The Four Platforms and Why They Are Different
The surface similarity between AI search platforms — they all generate natural language answers — obscures fundamental differences in how they retrieve information, which sources they trust, and which audiences use them for which purposes. Understanding those differences is the foundation of any multi-platform AI visibility strategy.
| Platform | Primary source pool | Retrieval mechanism | Speed to reflect changes | Primary buyer audience |
|---|---|---|---|---|
| ChatGPT | Training data (editorial, Wikipedia, Reddit, G2/Clutch) + Bing via OAI-SearchBot for web browsing | Parametric memory (default, GPT-5.3 on free/Go tiers) + retrieval grounding (GPT-5.4 on Plus/Pro; runs 10+ fan-out queries with site: operators targeting Clutch and G2) | Months for parametric; weeks for retrieval grounding (paid tier) | Highest-volume consumer and prosumer B2B; 900M weekly users. 90%+ on Free/Go tier (GPT-5.3) — fewer web searches, fewer citations than Plus/Pro users experiencing GPT-5.4 |
| Perplexity | Live web (own index + Bing supplement); Reddit, comparison sites, review platforms | Real-time RAG with 5-gate citation gauntlet; L1-L3 ML reranker | Days to weeks — fastest of all platforms | Research-intent professionals; B2B and technical audiences |
| Google AI Mode | Google index + Knowledge Graph; editorial sources, structured data entities | Query fan-out (5–11 parallel sub-queries) + RRF scoring | Weeks — follows normal indexation cycle | General consumer and B2C; also B2B informational research |
| Microsoft Copilot | Bing index; LinkedIn entity signals; organisational Microsoft 365 data (enterprise) | Sequential grounding (iterative Bing retrieval, not parallel fan-out) | Weeks — follows Bing indexation cycle | Enterprise B2B; procurement and decision-making within Microsoft 365 |
The Citation Mechanism Differences
Understanding how each platform attaches citations to its answers changes what you need to do to appear in them. Perplexity pre-embeds citations before the LLM writes its response — citations are assigned during context assembly, not retrofitted after. If your content does not survive the five-gate retrieval and ranking process, the LLM never sees it. This makes passage-level quality tests decisive for Perplexity in a way that is unique to its architecture.

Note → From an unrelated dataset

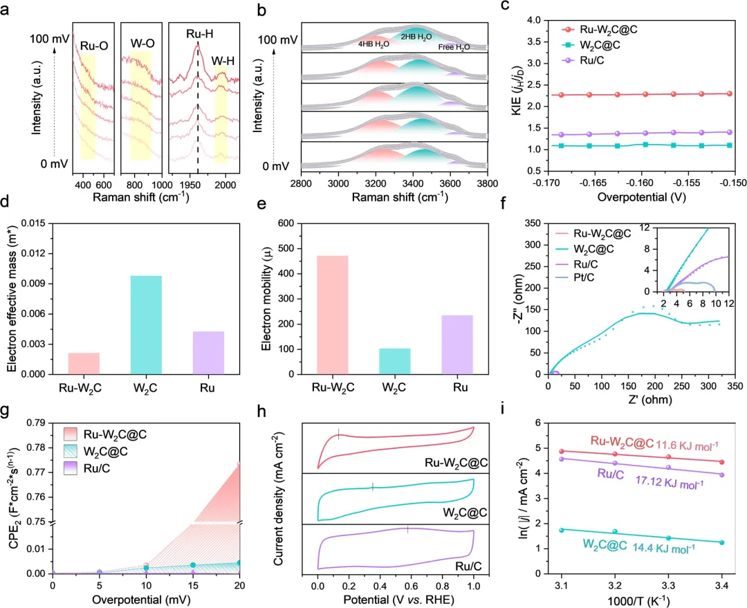 图5 Janus肖特基结加速水解离的证据。(a) Ru-W₂C@C在1M KOH中不同电位下的原位拉曼光谱;(b) 不同电位下4HB-H₂O和自由H₂O的比例变化;(c) 在1M KOH和1M KOD中测得的HER动力学同位素效应值;(d) Ru-W₂C和W₂C的电子有效质量比较;(e) Ru-W₂C和W₂C的电子迁移率比较;(f) Ru-W₂C@C、W₂C@C和Ru/C在−0.1V(vs RHE)下的Nyquist图;(g) Ru-W₂C Janus肖特基结用于碱性HER的双通道H*供应机制示意图。

Google AI Mode uses Reciprocal Rank Fusion across fan-out sub-query results. A document appearing consistently across multiple sub-query result sets accumulates a higher score than a document appearing first in only one. Consistency across the topic space outscores excellence on a single keyword — which is why cluster architecture matters specifically for Google AI Mode.

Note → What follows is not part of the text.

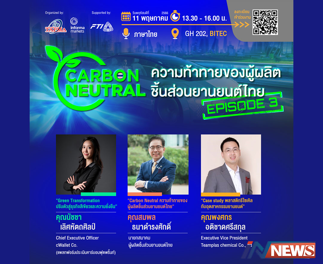 กรุงเทพฯ-อินฟอร์มา มาร์เก็ตส์ และ สมาคมผู้ผลิตชิ้นส่วนยานยนต์ไทยเชิญชวนเข้าร่วมฟังงานสัมมนาฟรี ในหัวข้อ“CARBON NEU...

ChatGPT with web browsing attaches citations post-generation — the model writes the response first, then annotates claims with sources. Without web browsing, no live citations are attached at all. This makes training data presence and entity corroboration the primary levers for most ChatGPT responses, not current page structure.
Copilot uses sequential grounding — querying Bing in steps, with each step informing the next. This rewards comprehensive single-page coverage more than distributed cluster architecture, since Copilot is not running eight simultaneous sub-queries but following a focused retrieval path.

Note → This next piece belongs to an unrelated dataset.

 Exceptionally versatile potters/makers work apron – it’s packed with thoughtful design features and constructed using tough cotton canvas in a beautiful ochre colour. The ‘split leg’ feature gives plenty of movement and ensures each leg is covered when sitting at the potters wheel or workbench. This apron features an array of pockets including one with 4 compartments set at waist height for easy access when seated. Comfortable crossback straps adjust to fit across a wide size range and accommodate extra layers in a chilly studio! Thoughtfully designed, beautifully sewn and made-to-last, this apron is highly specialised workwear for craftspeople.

Which Platform to Prioritise for Your Audience
The 12% overlap finding means each platform requires separate strategy. But not all platforms are equally important for every business. Prioritisation depends on which platforms your specific buyers use for the specific decision stage you want to influence. For the full audience-to-platform mapping, see the AI Platform Priority by Audience guide, which maps enterprise, B2B services, SaaS, and B2C audiences to their primary and secondary AI platforms with the reasoning behind each recommendation.
The general pattern: enterprise and regulated buyers → Copilot primary. B2B services (law, accountancy, consulting) → ChatGPT plus Google AI Overviews. B2B SaaS → Perplexity plus ChatGPT. B2C considered purchase → Google AI Overviews. This is a starting framework, not a fixed rule — run your category queries across all four platforms and observe which cite competitors in your space, then weight your investment accordingly.